The Secret Life of Walter Mitty 

Ben Stiller's version of takes a decidedly more pro-active turn


About halfway through Ben Stiller's adaptation of James Thurber's eponymous short story, I realized with a start: Stiller must not have actually read the tale about the mild-mannered Mr. Mitty, who escapes his dull life through fanciful daydreams. Or perhaps he started it and never finished it. (It's only 2,100 words long.) Or, and this seems unthinkable for a pretty straightforward piece of comic writing, but you never know: Stiller did read it, but didn't get it.

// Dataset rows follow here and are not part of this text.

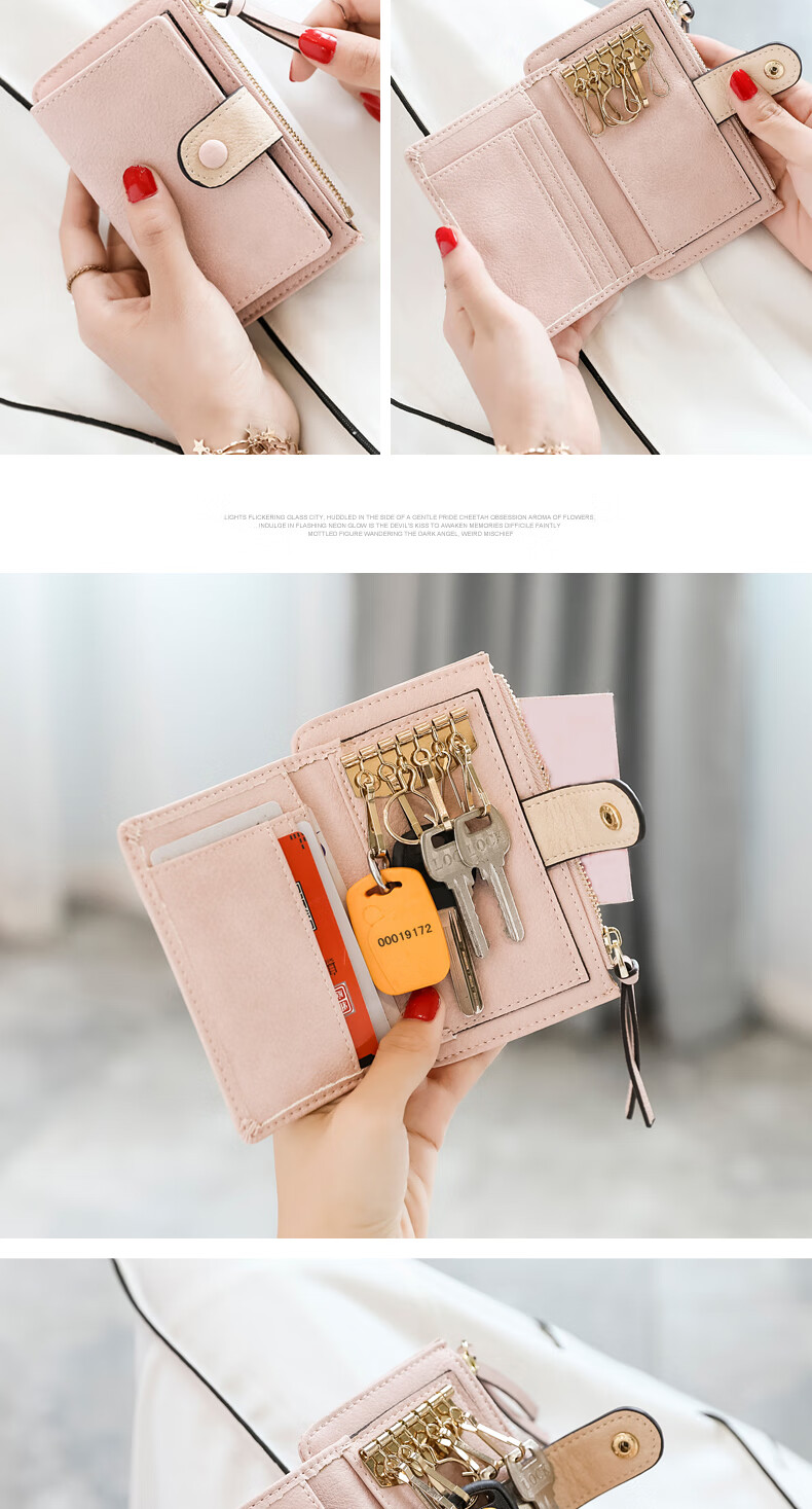 Yunpo Key Bag Women's Storage Bag Cute Multifunctional Small Bag Compact Mini Key Coin Purse Card Holder 2-in-1 Pink
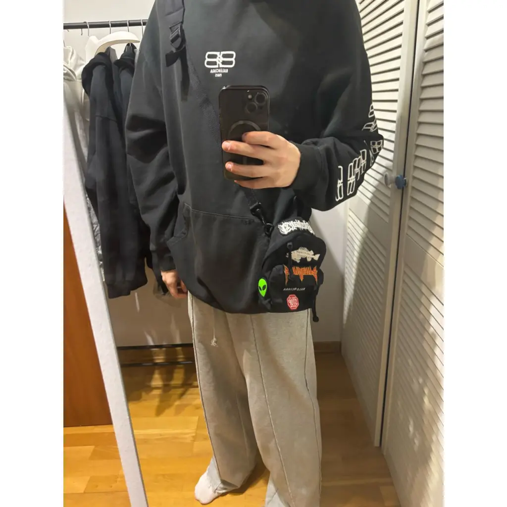 Редкая для РФ сумка-рюкзак, множество патчей по всему изделию, внутри 2 кармана, влезет паспорт, ключи, кошелёк. Ремешок регулируется (множество вариаций носки сумки).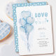Aquarelle baby shower invitation avec ballons coeur d'amour bleu et écrit avec Amour est dans l'Air, dans adorable écriture de la typographie bleue. Un design sucré pour toute période de l'année et parfait pour un baby shower à thème Valentines. Si vous désirez des produits correspondants, s'il vous plaît envoyez-moi un message.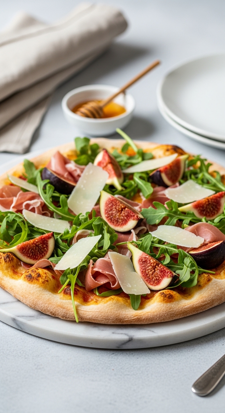 Serve on a light-colored platter to show off figs and prosciutto. Add extra shaved Parmesan and a final honey drizzle. Pair with a chilled Prosecco or dry white wine. Store leftovers in fridge 1–2 days and re-crisp in the oven. Slice fresh figs and prosciutto right before serving for best texture.

Because in this version, Mitty (portrayed by Stiller) starts out as meek employee of Life magazine toiling in the photo room, and having the odd moment of fanciful thinking. Then a ridiculous bit of plotting sends him on an actual world adventure. Like straight-up alpha-male stuff: fighting sharks, skateboarding through a volcanic eruption and hanging out with Sean Penn in the Himalayas. This is not the wispy dream life of a pathetic nobody, but instead the bona fide Outside magazine tour de manhood in which our ugly duckling emerges as a kick-ass swan whom chicks dig.

Color me baffled. If Stiller wanted to go to Iceland (looks cool) and make a movie about a guy who finds himself through a bit of world travel, why couldn't he just do that? Why bring the long-suffering Walter Mitty into it?